Many courts have adopted the position of favoring imposition of the least severe remedy available to cure prejudice. See Euceda-Hernandez, supra; United States v. Dennison, 891 F.2d 255 (10th Cir.1989), cert. denied, 496 U.S. 937, 110 S.Ct. 3215, 110 L.Ed.2d 663 (1990); United States v. Bentley, 875 F.2d 1114, 1118 (5th Cir.1989).

Here, the district court found as a matter of fact that the government had not acted intentionally and that the defendant suffered no prejudice in the delay. While defendant agrees there was no bad-faith misconduct by the government, he argues that the suppression was appropriate because he suffered some prejudice, such as waste of time on early trial strategies and possible disadvantages at sentencing.
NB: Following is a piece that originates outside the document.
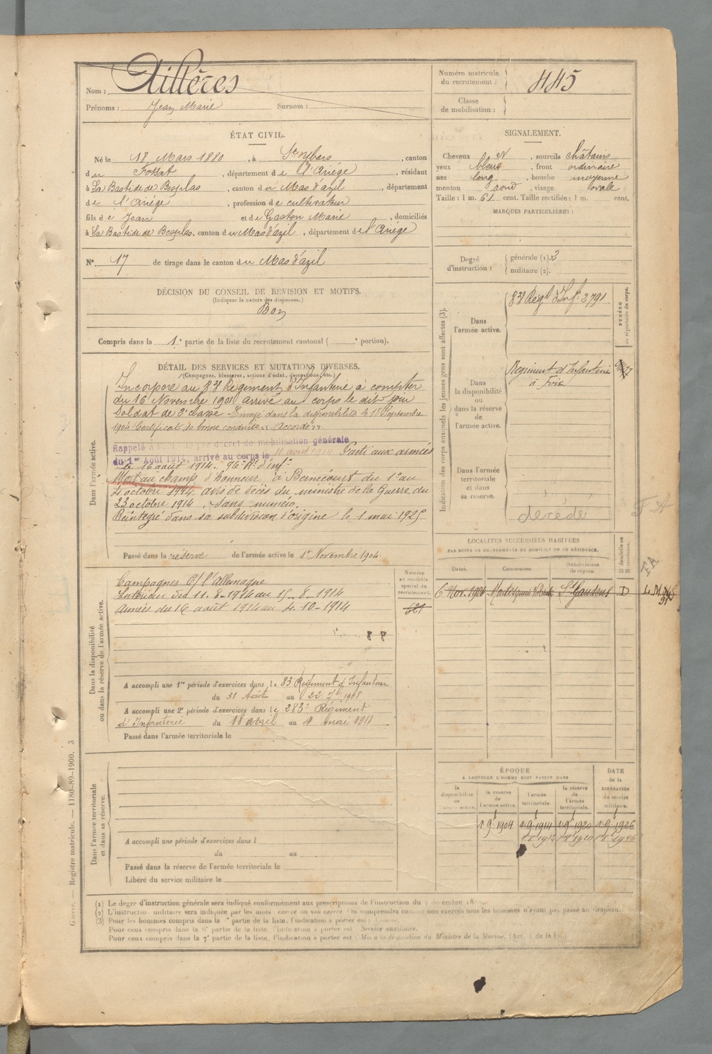 | Aillères | Jean Marie | FOIX | 129 W 2 | 1900 | Saint-Ybars | Bastide-de-Besplas (La) | 445 |

It appears to the court, however, that these prejudices are far too intangible and speculative for us to conclude that any meaningful prejudices resulted from the delay. The real question is whether, under such circumstances, the district court’s discretion to fashion a discovery remedy should be limited by an anti-suppression bias. We believe that it should.
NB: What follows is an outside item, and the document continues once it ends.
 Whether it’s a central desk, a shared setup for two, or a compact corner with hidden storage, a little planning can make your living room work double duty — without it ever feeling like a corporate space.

The goal of discovery in criminal trials is to insure a fair and thorough determination of defendant’s guflt or innocence. In order to reach this goal, suppression of evidence must be viewed as an undesirable remedy reserved for cases of incurable prejudice or bad faith conduct demanding punishment by the court.
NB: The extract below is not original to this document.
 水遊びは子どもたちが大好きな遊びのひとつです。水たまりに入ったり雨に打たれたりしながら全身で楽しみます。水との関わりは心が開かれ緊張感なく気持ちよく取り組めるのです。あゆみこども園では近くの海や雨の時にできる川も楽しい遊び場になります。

District courts should embrace the “least severe sanction necessary” doctrine, and hold that suppression of relevant evidence as a remedial device should be limited to circumstances in which it is necessary to serve *248remedial objectives. Here, no prejudice or intentional violation was disclosed.

The district court determined the evidence was extremely relevant, was not intentionally withheld, and that its late disclosure resulted in no specific prejudice to the defendant. Under such circumstances, we must conclude that the district court abused its discretion by granting Defendant’s motion to suppress the evidence.

Reversed and remanded for trial.






Dissenting Opinion

DAVID A. NELSON, Circuit Judge,

dissenting.

The magistrate judge expressly found that the government’s violation of the discovery order was negligent. This finding was not clearly erroneous, in my view. I also think it was within the province of the district court to find that suppression of the video tape and agent’s notes was the least severe sanction likely to deter similar acts of negligence in the future. Accordingly, and having regard not only to the nature of the evidence in question but also to the fact that its suppression would not preclude the government from presenting oral testimony as to the defendant’s inculpatory statements, I cannot say that the district court abused its discretion in accepting the recommendation that the video tape and notes be suppressed. See United States v. Glover, 846 F.2d 339, 342 (6th Cir.), cert, denied, 488 U.S. 982, 109 S.Ct. 533, 102 L.Ed.2d 565 (1988). (As far as the agent’s notes are concerned, incidently, it is far from clear that the notes would have been admissible in any event.) I would affirm the district court’s order.